### MATERIAL FOR THIS TASK
━━━━━━━━━━━━━━━━
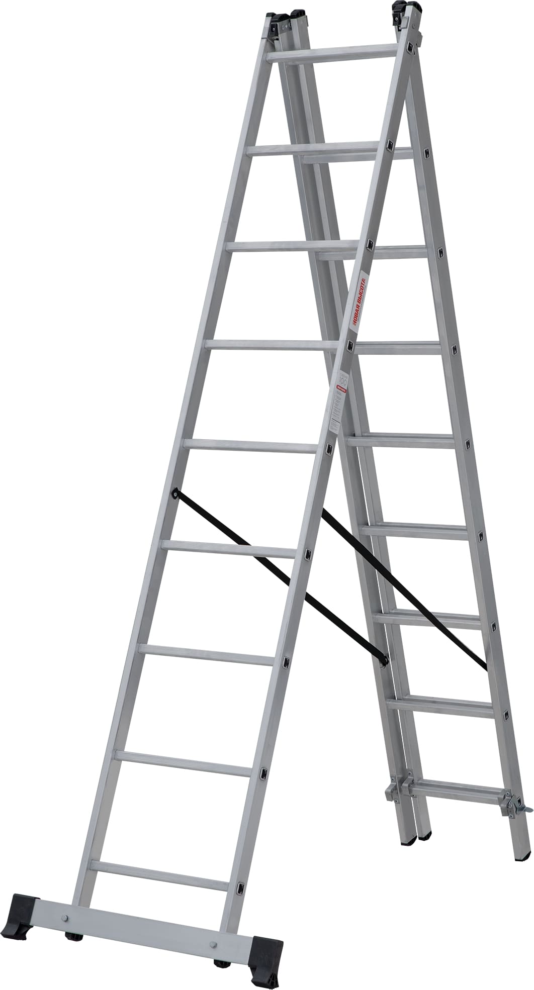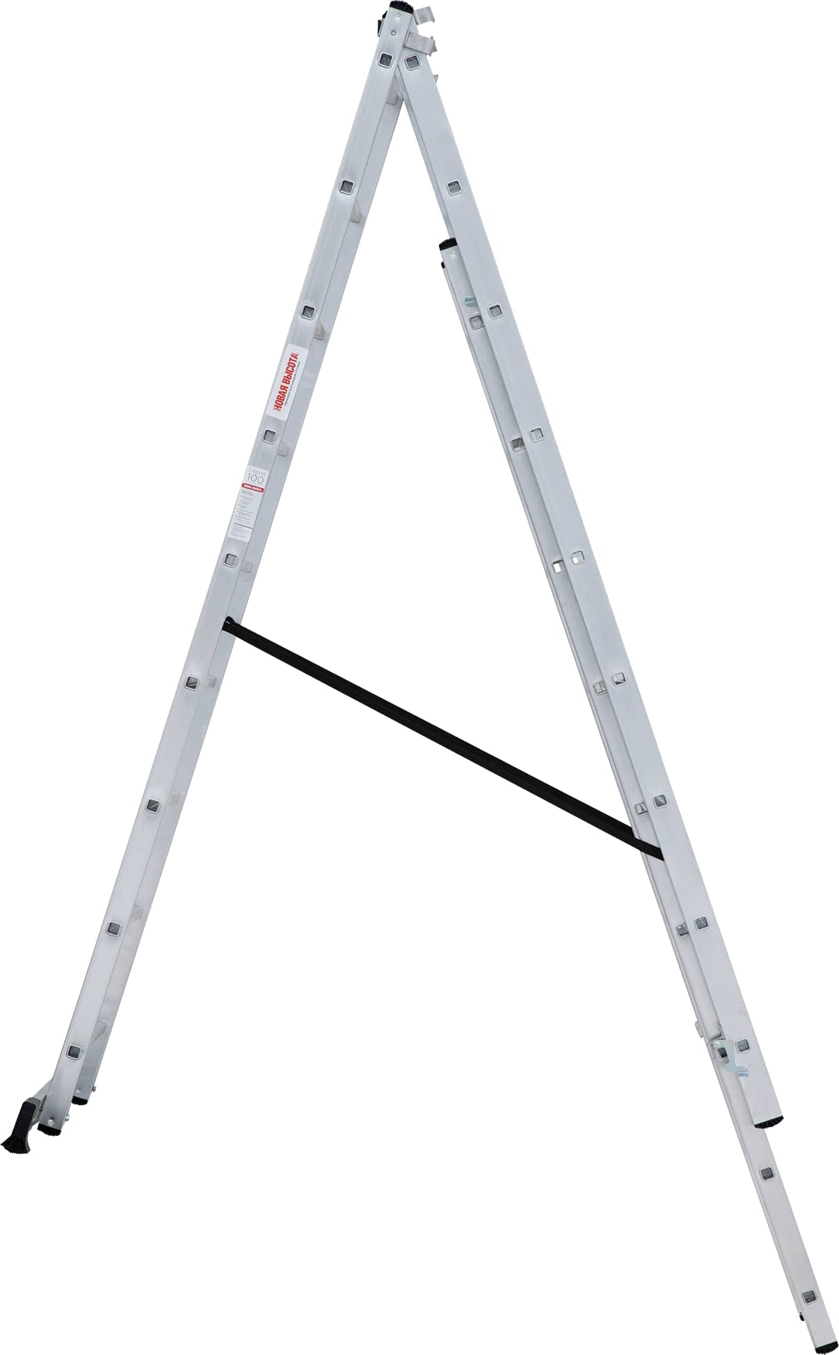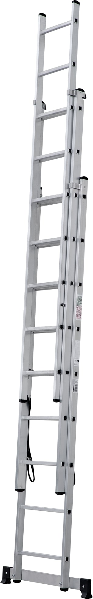 Лестница трехсекционная – это универсальная лестница, которая может использоваться в разных режимах: как приставная, раздвижная, двухсторонняя стремянка, стремянка с выдвижной секцией и лестничный марш.
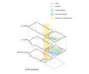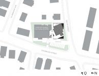First price in an open international architecture competition. Extension to an Islamic center in Quincy, Massachusetts USA. It incorporates a new prayer space with supporting facilities. The new volume floats above an existing parking lot with a balcony connecting to existing building. The facades are closed to enhance the spiritual sensation and use lanterns to utilize sunlight.
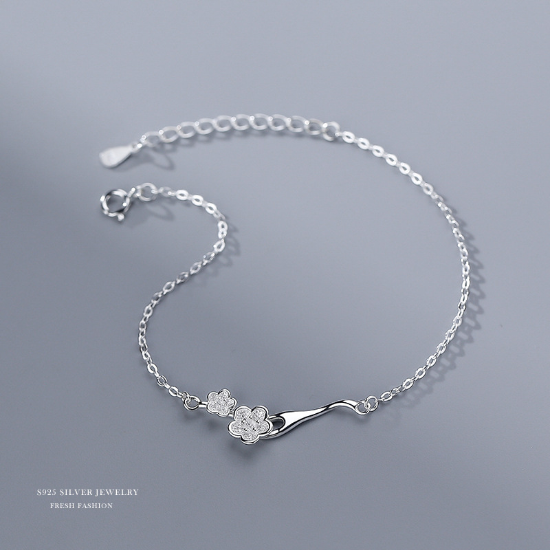 s925银女手链桃花枝可爱文艺清新花朵樱花手环中国风手饰潮
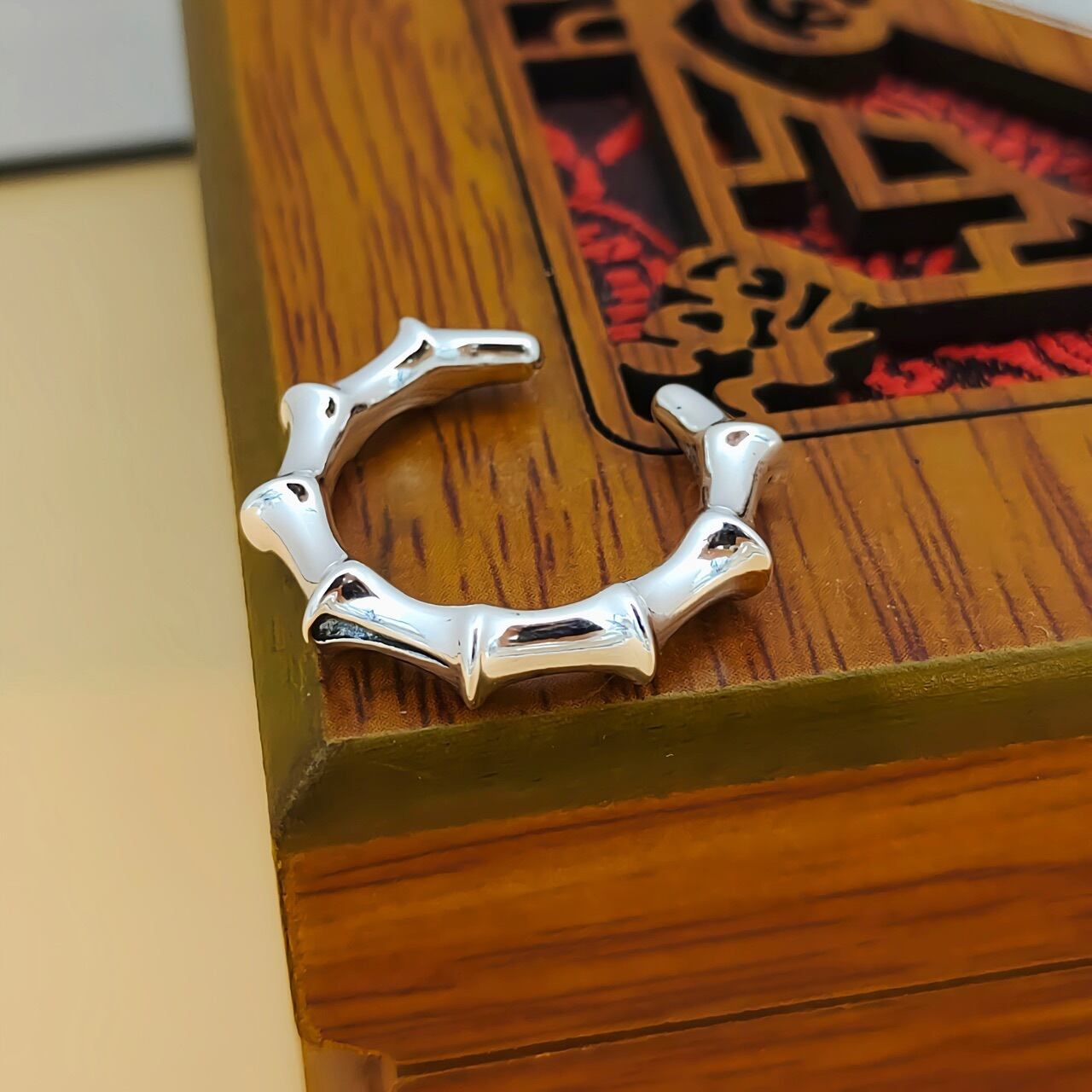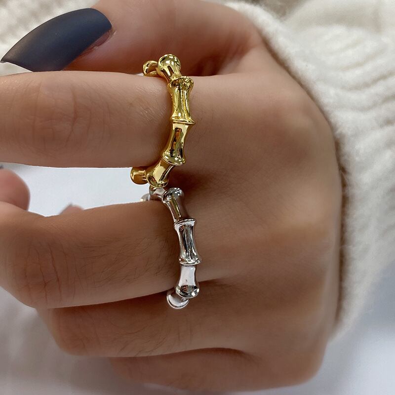 LIVVY INS シルバーカラー指輪クリエイティブシンプル竹幾何学手作りパーティージュエリーギフト リング 銀
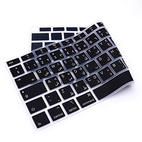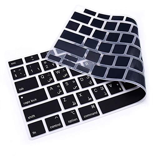 eWINNER - اي وينر غطاء كيبورد عربي من السيليكون لجهاز ماك بوك اير 13 بوصة (اصدار 2020، معرف شريط اللمس) A2179 US - حروف عربية، لون اسود، لأجهزة اللاب توب
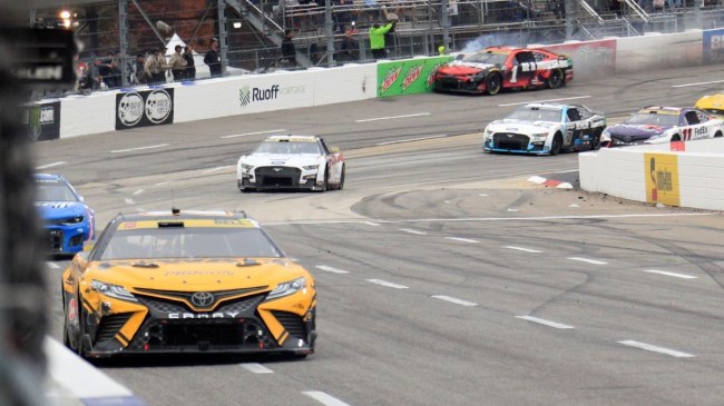 Rather than slow down for the final turn, Chastain moved his car up against the wall and stood on the gas, using the wall as a bumper. Somehow, miraculously, the insane move worked and he passed five cars to go from two points out of the championship race to four points in.
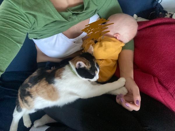 Mame 3 macky, a oocas tehotenstva sme si este osvojili psa🤦🏽♀️ Ziadny problem, jedna mica ani nevie ze mame dieta, druhy zvykne spat v detskej na koberci (pocas tehotenstav musel mazdy den spat aspon chvilu na alebo pri brusku) a najmladsia mica je ako pestunka... maly zaplace a bez so mno pre neho, ked kojim pradie a opiera si hlavu o maleho... nebojim sa nicoho, su ockavne, odcervene. Vyrastam s mackami cely zivot a nikdy som nemala alergie ani toxo
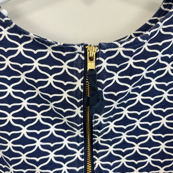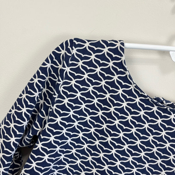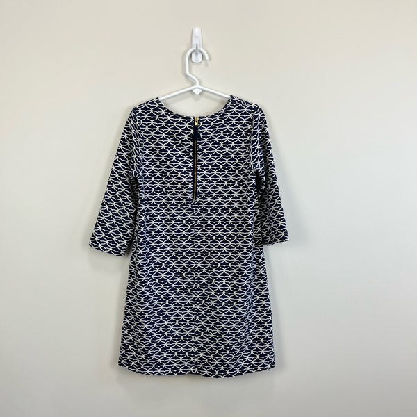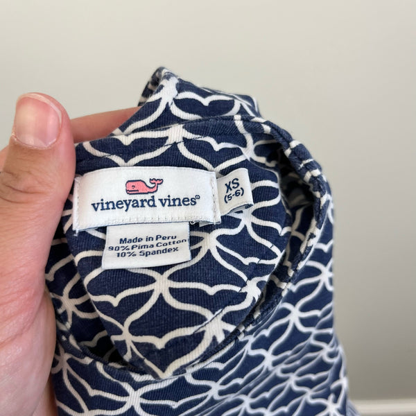 Vineyard Vines Girls Navy Whale Tale Dress. Little girl size XS (5T/6). Soft and cozy for every day wear and play: 90% pima cotton and 10% spandex. 3/4 sleeves with zipper in the back. Light navy fade from the wash but otherwise great condition with no stains, tears, etc.
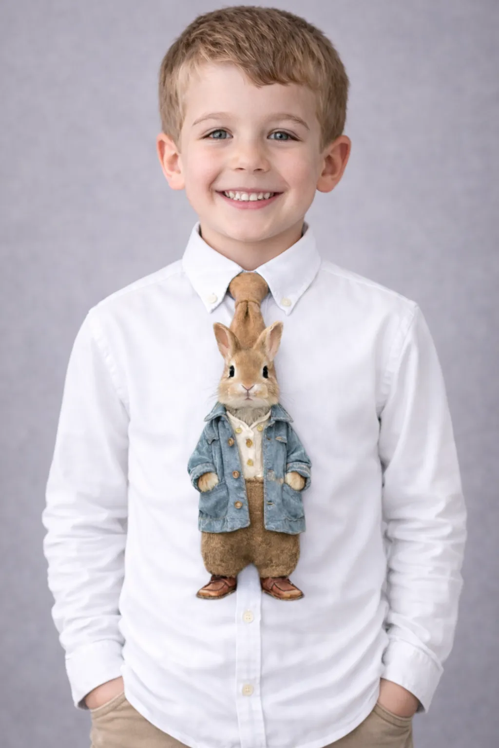 The MUS485 is a masterpiece of seasonal style, featuring a lifelike plush bunny in a denim jacket on a heavy silk tie. With its double-sided reinforced construction and intricate thermal-printed details, this accessory offers a unique blend of high-end quality and storybook charm for any special spring occasion.
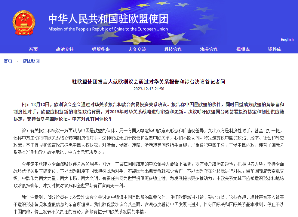 中國駐歐盟使團網站截圖 有記者問,12月12日,歐洲議會全會通過對華關係報告和“歐盟—台灣”貿易投資關係決議。報告稱歐盟應根據新的地緣政治背景,對2019年對華關係戰略進行審查和更新。決議呼籲歐盟同台灣簽署投資協定和韌性供應鏈協定,支持台參與國際論壇。中方對此有何評論? 中國駐歐盟使團發言人表示,有關報告和決議一方面認為中國是歐盟的夥伴,另一方面大幅渲染中歐意識形態和價值觀差異,突出雙方是制度性對手,甚至倒打一耙,誣稱中方主動將中歐關係核心轉向制度性對手。這種說法無助於改善和發展中歐關係,中方不能認同。 發言人強調,有關報告和決議妄議中國的政治、經濟、社會和外交政策,基於偏見和謊言攻擊抹黑中國人權狀況,對涉台、涉疆、涉藏、涉港澳等問題指手畫腳,嚴重侵犯中國主權,干涉中國內政,違背了國際關係基本準則和歐方政治承諾,中方表示堅決反對。 發言人表示,2023年是中歐建立全面戰略夥伴關係20周年。中歐作為兩大力量、兩大市場、兩大文明,有責任共同為世界提供更多穩定性,為發展提供更多推動力。中歐關係尤其不應被意識形態和地緣政治裹挾綁架,衝突對抗對雙方和全世界有百害而無一利。 發言人指出,在此次歐洲議會全會討論中,部分議員強調中國是歐盟的重要夥伴,呼籲歐盟增進對話、妥處分歧,這些客觀、理性聲音不應被基於意識形態偏見和虛假信息的雜音所埋沒。中方敦促歐洲議會以全面、客觀態度看待中國發展與進步,恪守國際法和國際關係基本準則,停止干涉中國內政,停止發表不負責任的言論,多做有益於中歐關係發展的事情。(完) 【編輯:丘志彬】
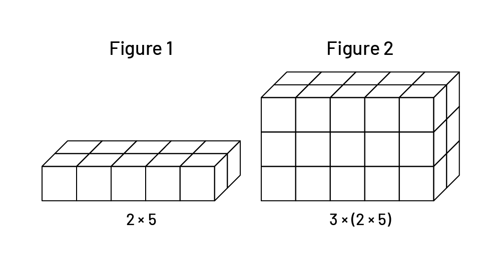 In Figure 1, we see that there are 2 rows of 5 cubes, that is, \(2\; \times \;5\) cubes. In Figure 2, we see 3 layers of \(2 \times 5\) cubes representing \(3\; \times \;(2\; \times \;5)\) cubes.
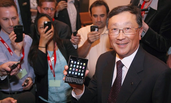 BlackBerry CEO John Chen shows off the Passport phone after the company's annual general meeting in Waterloo, Ont., June 19, 2014.Dave Chidley/The Canadian Press
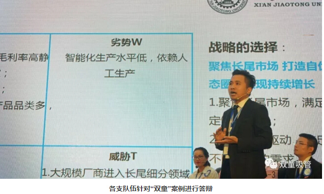 據(jù)了解,組委會(huì)在挑選總決賽案例素材時(shí),更傾向于挑選具有時(shí)代背景、可評(píng)價(jià)性和標(biāo)桿性的案例,他們希望通過對(duì)該案例的分析,引導(dǎo)大學(xué)生對(duì)企業(yè)商業(yè)模式和核心競爭力的認(rèn)知,加深在時(shí)代背景下對(duì)制造業(yè)的認(rèn)知。在挑選過程中,他們一致認(rèn)為“雙童吸管”案例最符合他們的期望,而且該案例還是2016年全國百優(yōu)案例中較突出的案例。所以,這也是“雙童”樓仲平被邀請(qǐng)擔(dān)任此次大賽評(píng)委的原因之一。
━━━━━━━━━━━━━━━━
### EXERCISE DETAILS
What is needed is a verbatim transcription of the records, minus the pictures.

### SOLUTION FOR THIS EXERCISE
 Лестница трехсекционная – это универсальная лестница, которая может использоваться в разных режимах: как приставная, раздвижная, двухсторонняя стремянка, стремянка с выдвижной секцией и лестничный марш.
First price in an open international architecture competition. Extension to an Islamic center in Quincy, Massachusetts USA. It incorporates a new prayer space with supporting facilities. The new volume floats above an existing parking lot with a balcony connecting to existing building. The facades are closed to enhance the spiritual sensation and use lanterns to utilize sunlight.
 s925银女手链桃花枝可爱文艺清新花朵樱花手环中国风手饰潮
 LIVVY INS シルバーカラー指輪クリエイティブシンプル竹幾何学手作りパーティージュエリーギフト リング 銀
 eWINNER - اي وينر غطاء كيبورد عربي من السيليكون لجهاز ماك بوك اير 13 بوصة (اصدار 2020، معرف شريط اللمس) A2179 US - حروف عربية، لون اسود، لأجهزة اللاب توب
 Rather than slow down for the final turn, Chastain moved his car up against the wall and stood on the gas, using the wall as a bumper. Somehow, miraculously, the insane move worked and he passed five cars to go from two points out of the championship race to four points in.
 Mame 3 macky, a oocas tehotenstva sme si este osvojili psa🤦🏽♀️ Ziadny problem, jedna mica ani nevie ze mame dieta, druhy zvykne spat v detskej na koberci (pocas tehotenstav musel mazdy den spat aspon chvilu na alebo pri brusku) a najmladsia mica je ako pestunka... maly zaplace a bez so mno pre neho, ked kojim pradie a opiera si hlavu o maleho... nebojim sa nicoho, su ockavne, odcervene. Vyrastam s mackami cely zivot a nikdy som nemala alergie ani toxo
 Vineyard Vines Girls Navy Whale Tale Dress. Little girl size XS (5T/6). Soft and cozy for every day wear and play: 90% pima cotton and 10% spandex. 3/4 sleeves with zipper in the back. Light navy fade from the wash but otherwise great condition with no stains, tears, etc.
 The MUS485 is a masterpiece of seasonal style, featuring a lifelike plush bunny in a denim jacket on a heavy silk tie. With its double-sided reinforced construction and intricate thermal-printed details, this accessory offers a unique blend of high-end quality and storybook charm for any special spring occasion.
 中國駐歐盟使團網站截圖 有記者問,12月12日,歐洲議會全會通過對華關係報告和“歐盟—台灣”貿易投資關係決議。報告稱歐盟應根據新的地緣政治背景,對2019年對華關係戰略進行審查和更新。決議呼籲歐盟同台灣簽署投資協定和韌性供應鏈協定,支持台參與國際論壇。中方對此有何評論? 中國駐歐盟使團發言人表示,有關報告和決議一方面認為中國是歐盟的夥伴,另一方面大幅渲染中歐意識形態和價值觀差異,突出雙方是制度性對手,甚至倒打一耙,誣稱中方主動將中歐關係核心轉向制度性對手。這種說法無助於改善和發展中歐關係,中方不能認同。 發言人強調,有關報告和決議妄議中國的政治、經濟、社會和外交政策,基於偏見和謊言攻擊抹黑中國人權狀況,對涉台、涉疆、涉藏、涉港澳等問題指手畫腳,嚴重侵犯中國主權,干涉中國內政,違背了國際關係基本準則和歐方政治承諾,中方表示堅決反對。 發言人表示,2023年是中歐建立全面戰略夥伴關係20周年。中歐作為兩大力量、兩大市場、兩大文明,有責任共同為世界提供更多穩定性,為發展提供更多推動力。中歐關係尤其不應被意識形態和地緣政治裹挾綁架,衝突對抗對雙方和全世界有百害而無一利。 發言人指出,在此次歐洲議會全會討論中,部分議員強調中國是歐盟的重要夥伴,呼籲歐盟增進對話、妥處分歧,這些客觀、理性聲音不應被基於意識形態偏見和虛假信息的雜音所埋沒。中方敦促歐洲議會以全面、客觀態度看待中國發展與進步,恪守國際法和國際關係基本準則,停止干涉中國內政,停止發表不負責任的言論,多做有益於中歐關係發展的事情。(完) 【編輯:丘志彬】
 In Figure 1, we see that there are 2 rows of 5 cubes, that is, \(2\; \times \;5\) cubes. In Figure 2, we see 3 layers of \(2 \times 5\) cubes representing \(3\; \times \;(2\; \times \;5)\) cubes.
 BlackBerry CEO John Chen shows off the Passport phone after the company's annual general meeting in Waterloo, Ont., June 19, 2014.Dave Chidley/The Canadian Press
 據(jù)了解,組委會(huì)在挑選總決賽案例素材時(shí),更傾向于挑選具有時(shí)代背景、可評(píng)價(jià)性和標(biāo)桿性的案例,他們希望通過對(duì)該案例的分析,引導(dǎo)大學(xué)生對(duì)企業(yè)商業(yè)模式和核心競爭力的認(rèn)知,加深在時(shí)代背景下對(duì)制造業(yè)的認(rèn)知。在挑選過程中,他們一致認(rèn)為“雙童吸管”案例最符合他們的期望,而且該案例還是2016年全國百優(yōu)案例中較突出的案例。所以,這也是“雙童”樓仲平被邀請(qǐng)擔(dān)任此次大賽評(píng)委的原因之一。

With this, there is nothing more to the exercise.